Task to carry out:
Return all lines from the listing below that include the word "feel".

*** The input Section Begins ***

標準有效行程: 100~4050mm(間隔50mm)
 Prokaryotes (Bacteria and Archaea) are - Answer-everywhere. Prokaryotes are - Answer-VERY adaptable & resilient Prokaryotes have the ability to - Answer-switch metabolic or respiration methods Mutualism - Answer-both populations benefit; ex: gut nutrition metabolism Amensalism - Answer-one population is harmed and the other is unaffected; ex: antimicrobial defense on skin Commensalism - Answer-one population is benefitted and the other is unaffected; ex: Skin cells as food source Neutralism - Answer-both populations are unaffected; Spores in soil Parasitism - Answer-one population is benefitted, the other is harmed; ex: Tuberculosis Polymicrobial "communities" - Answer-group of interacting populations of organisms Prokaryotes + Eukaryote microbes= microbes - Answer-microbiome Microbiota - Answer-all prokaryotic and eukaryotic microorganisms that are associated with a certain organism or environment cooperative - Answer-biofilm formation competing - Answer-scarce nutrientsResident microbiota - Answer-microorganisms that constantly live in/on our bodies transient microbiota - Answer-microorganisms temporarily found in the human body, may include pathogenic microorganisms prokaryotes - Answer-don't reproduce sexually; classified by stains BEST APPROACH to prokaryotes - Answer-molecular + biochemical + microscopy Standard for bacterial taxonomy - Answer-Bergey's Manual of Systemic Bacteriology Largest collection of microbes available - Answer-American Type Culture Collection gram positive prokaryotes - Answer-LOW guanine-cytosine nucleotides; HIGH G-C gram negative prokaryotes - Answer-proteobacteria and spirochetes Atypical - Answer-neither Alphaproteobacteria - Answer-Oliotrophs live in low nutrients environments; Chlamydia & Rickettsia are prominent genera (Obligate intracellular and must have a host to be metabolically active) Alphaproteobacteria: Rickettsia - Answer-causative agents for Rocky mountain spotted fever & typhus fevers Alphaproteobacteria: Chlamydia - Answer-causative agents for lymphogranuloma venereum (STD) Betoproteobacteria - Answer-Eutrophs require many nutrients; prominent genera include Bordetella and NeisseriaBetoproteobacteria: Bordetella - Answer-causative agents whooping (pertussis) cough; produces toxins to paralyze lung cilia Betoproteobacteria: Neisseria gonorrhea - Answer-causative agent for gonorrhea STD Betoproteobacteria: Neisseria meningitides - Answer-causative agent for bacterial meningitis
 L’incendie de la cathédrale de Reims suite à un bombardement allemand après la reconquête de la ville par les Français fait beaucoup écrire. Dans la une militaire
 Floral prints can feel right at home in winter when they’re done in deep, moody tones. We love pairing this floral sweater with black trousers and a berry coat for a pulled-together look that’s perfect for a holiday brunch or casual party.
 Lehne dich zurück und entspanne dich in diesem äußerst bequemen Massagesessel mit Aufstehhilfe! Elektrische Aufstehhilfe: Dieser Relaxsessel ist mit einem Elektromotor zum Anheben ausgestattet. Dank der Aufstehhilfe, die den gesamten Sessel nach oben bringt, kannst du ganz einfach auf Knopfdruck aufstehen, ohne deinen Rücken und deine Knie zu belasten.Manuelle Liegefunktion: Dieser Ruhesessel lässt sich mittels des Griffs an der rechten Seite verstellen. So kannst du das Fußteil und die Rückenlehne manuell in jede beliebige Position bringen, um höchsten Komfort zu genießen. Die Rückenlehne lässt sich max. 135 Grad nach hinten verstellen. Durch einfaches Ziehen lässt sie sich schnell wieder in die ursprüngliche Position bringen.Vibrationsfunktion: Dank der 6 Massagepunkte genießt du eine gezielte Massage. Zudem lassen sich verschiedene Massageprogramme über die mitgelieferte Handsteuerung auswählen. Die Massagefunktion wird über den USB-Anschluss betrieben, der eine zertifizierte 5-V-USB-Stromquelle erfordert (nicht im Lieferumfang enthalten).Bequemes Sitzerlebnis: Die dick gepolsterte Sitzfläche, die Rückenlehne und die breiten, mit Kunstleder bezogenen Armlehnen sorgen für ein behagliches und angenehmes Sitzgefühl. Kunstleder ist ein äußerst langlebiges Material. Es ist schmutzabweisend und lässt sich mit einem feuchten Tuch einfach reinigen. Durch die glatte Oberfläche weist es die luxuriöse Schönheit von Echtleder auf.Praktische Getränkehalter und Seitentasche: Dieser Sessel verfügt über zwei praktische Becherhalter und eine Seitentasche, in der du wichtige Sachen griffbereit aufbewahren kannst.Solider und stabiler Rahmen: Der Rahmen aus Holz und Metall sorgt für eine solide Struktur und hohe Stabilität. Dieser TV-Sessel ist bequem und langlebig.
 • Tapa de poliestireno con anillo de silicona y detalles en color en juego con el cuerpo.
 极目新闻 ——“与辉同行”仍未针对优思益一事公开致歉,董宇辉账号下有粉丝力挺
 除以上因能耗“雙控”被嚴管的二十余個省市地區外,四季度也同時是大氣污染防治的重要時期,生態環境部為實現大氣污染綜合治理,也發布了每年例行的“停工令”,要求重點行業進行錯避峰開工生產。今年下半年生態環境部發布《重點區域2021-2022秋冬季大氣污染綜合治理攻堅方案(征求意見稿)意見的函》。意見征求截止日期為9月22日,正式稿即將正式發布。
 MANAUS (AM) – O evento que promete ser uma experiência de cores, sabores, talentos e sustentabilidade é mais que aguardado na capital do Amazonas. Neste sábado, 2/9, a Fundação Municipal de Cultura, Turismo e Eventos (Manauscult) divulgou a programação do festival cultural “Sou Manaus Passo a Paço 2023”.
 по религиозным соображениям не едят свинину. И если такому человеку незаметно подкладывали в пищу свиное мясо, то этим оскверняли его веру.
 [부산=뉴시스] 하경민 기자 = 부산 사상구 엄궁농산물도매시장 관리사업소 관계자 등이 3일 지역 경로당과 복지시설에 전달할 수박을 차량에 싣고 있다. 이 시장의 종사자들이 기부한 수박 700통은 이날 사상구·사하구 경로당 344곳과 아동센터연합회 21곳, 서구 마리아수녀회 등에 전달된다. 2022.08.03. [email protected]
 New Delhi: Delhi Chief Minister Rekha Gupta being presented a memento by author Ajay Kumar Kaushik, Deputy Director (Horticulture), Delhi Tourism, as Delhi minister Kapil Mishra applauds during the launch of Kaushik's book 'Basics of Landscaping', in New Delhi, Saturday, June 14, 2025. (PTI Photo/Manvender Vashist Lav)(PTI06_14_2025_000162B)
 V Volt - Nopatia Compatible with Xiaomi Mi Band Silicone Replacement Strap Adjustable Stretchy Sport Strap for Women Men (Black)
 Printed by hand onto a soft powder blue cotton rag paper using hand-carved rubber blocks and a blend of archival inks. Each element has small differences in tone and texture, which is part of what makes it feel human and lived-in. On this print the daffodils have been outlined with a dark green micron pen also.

*** The input Section Ends ***

Response below:
 Floral prints can feel right at home in winter when they’re done in deep, moody tones. We love pairing this floral sweater with black trousers and a berry coat for a pulled-together look that’s perfect for a holiday brunch or casual party.
 Printed by hand onto a soft powder blue cotton rag paper using hand-carved rubber blocks and a blend of archival inks. Each element has small differences in tone and texture, which is part of what makes it feel human and lived-in. On this print the daffodils have been outlined with a dark green micron pen also.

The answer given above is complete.